The Rise of the Synthetic Weasel

Perspectives No. 299

Mustela sibirica by Johann Christian Daniel von Schreber
Mustela sibirica                              Johann Christian Daniel von Schreber  

   For discerning watercolor painters, a hand-made pure Kolinsky sable brush has always been the ultimate tool with which to create. These brushes are not made from sable hair at all—rather, they are made from only the tail hair of the winter coat of the male Siberian Kolinsky (Mustela Sibirica), a species of the weasel family. Because the animals are isolated to Siberia and northeast China, and because they do not do well in captivity, the cost of their hair has always been very high, usually about three times the cost of gold, or approximately $58,000.00 per pound today!
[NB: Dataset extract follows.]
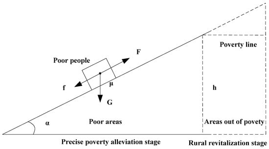 In Figure 1, it is assumed that the inclination angle “α” of the slope indicates the overall difficulty of poverty alleviation in poor areas, the height “h” of the slope indicates the national poverty line standard, the weight “G” of the square indicates the poverty degree of the poor residents, the bottom roughness “μ” of the square indicates the inertia of the poor residents moving out of poverty, and the forces on the poor residents in the process of tourism-precise poverty alleviation are simplified as the tension “F” and resistance “f”. “F” refers to the synergy formed by the joint action of government, tourism enterprises, tourists, NGOs, and other stakeholders to help poor residents and the self-development of poor residents, and “f” refers to the combined force of resistance generated by the level of economic and social development, infrastructure, the difficulty of poverty eradication, the poverty level of poor residents, education level, and inertia of poor residents in poor areas.

   Since 2013, the Kolinsky has been included in the Convention on International Trade in Endangered Species of Wild Fauna and Flora, or CITES agreements. The import ban on Kolinsky, which only affects United States customers, has made the pure Kolinsky brushes more difficult to find and much more expensive to buy. Eventually old stocks will be exhausted and there will not be any more available in the U.S., unless the ban is lifted. However, the ban has had some positive consequences (for both the male Kolinsky and for us) with manufacturers working hard to satisfy the demand for exceptional professional watercolor brushes.

   Thirty years ago, most synthetic watercolor brushes were not comparable to the Kolinsky, but a few manufacturers began to develop new fiber technologies in an effort to mimic the qualities inherent in natural Kolinsky hair. Since John was painting a lot of illustration and landscape work at that time, he was wearing out a lot of very expensive sable brushes and looking around for any alternatives. Around then, Jack Richeson created a new brush, the Series 9000, which behaved very similarly to a Kolinsky for a small fraction of the cost. It was made from seven different types of pointed synthetic fibers which gave it marvelous painting qualities. John switched from using a $125 size 12 Winsor and Newton sable round to a $25 Richeson size 20 synthetic round and has never looked back.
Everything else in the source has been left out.